Here's another business statistic: Meeker observed a 21% gain in related capex, and 28% in data spend, as well as 37% in annual cloud revenue growth on the part of hyperscalers.
Then there's the issue of cost: with Meeker noting 'cost deflation' and 10x increases annually in what a dollar will buy for AI inference. I wrote about this after attending a conference earlier this year, and it's remarkable how much more your money gets you in LLM performance compared to just months ago.
Another thing that comes through from Meeker's report is how new users will start from zero with an AI-native environment. They won't be encumbered with the obsolescence of traditional Google search or sitting at a terminal. The machine will meet them in their native language, verbally.
'Imagine, for a moment, how different your next week would look if there were no internet,' Meeker writes. 'Every facet of modern life – how we work, how we communicate, how we govern, and more – would likely be turned on its head. The internet has been woven into so many facets of life, big and small, that – for many – it is difficult to imagine a world without it.
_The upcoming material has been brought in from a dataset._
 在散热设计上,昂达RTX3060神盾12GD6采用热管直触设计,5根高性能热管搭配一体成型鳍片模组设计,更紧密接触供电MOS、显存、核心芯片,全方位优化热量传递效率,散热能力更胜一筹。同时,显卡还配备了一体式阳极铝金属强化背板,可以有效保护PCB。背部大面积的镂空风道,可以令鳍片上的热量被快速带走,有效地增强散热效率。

In the next decade or two, imagining a world without AI will likely feel the same.'
Meeker also takes on numbers from around the world, with top ChatGPT use in India at 13.5%, with the U.S. at around 9%, and Indonesia and Brazil both at 5%. Check the report for more.
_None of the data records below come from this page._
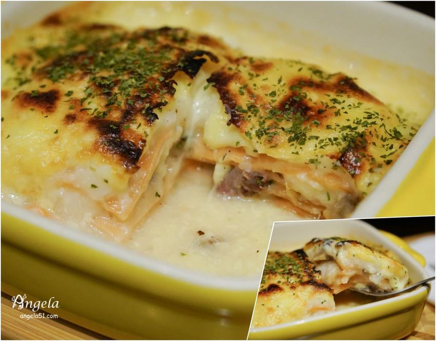 海鮮千層麵一上桌就有焗烤起司的香氣撲鼻,一層麵皮、一層海鮮配料再加層起司,口感層次軟滑中帶有紮實感。一口吃下的味道有海鮮巧達湯的風味,最上面的焗烤起司雖然微焦,但也沒失去焗烤的起司味道。沒想到,海鮮千層麵滿適口的,值得推薦。
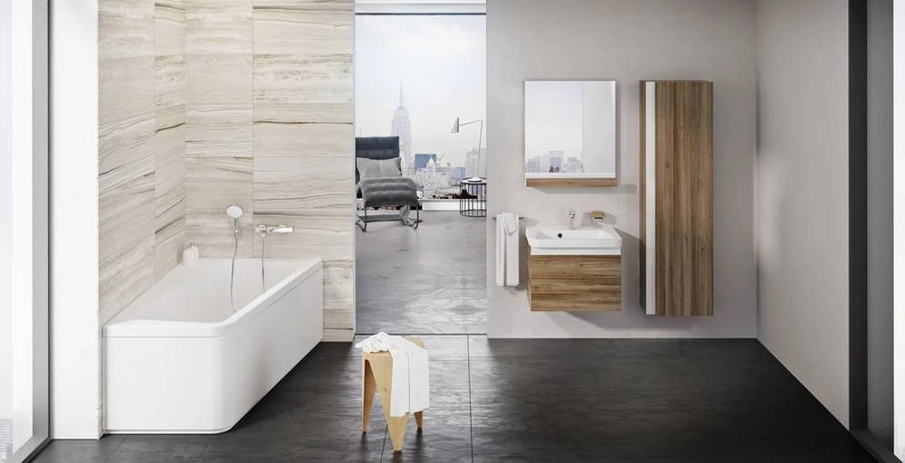Завершает композицию концепции д/ванных комнат 10°, равномерно распределив пространство на трех полках. Дизайн соответствует основной идее всей концепции 10°. Вместо ручек пенал оригинально открывается с помощью усеченных граней передней дверцы. Два вида декора (глянцевый белый и темный орех) позволяют задумать ванную комнату по индивидуальным идеям.
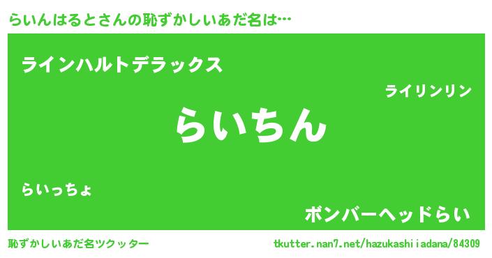 | ヘコむあだ名 | 『らいんはると(笑)』『らいっちょ』 |

There's also a nod to U.S./China competition, with Chinese LLM performance taking the lead.
'Chinese AI capabilities now underpin nationally strategic areas such as battlefield logistics, target recognition, cyber operations, and autonomous decision-making platforms,' Meeker writes. 'In 2025, Chinese state media highlighted the integration of AI into non-combat support functions (e.g., military hospitals), while the Ministry of Science and Technology reinforced its commitment to 'indigenous innovation' in strategic technologies. … The implications of Chinese AI supremacy would be profound.'
That dominance is likely to be a significant feather in China's cap as we get closer to new interface models where we're engaging with humanoid entities endowed with AI.
In other words, that's the next step – step one is interfaces that move from a text base to verbal. Step two is where those verbal interfaces are tied into a body that can approach yours, to pursue you in terms of interaction, to seek you out and to combine that with task-based functionalities, a.k.a. a robot butler or other sort of utility.
All of this bears a lot of thinking as we move through 2025, and it's a good example of a comprehensive survey of where we're at with artificial intelligence right now.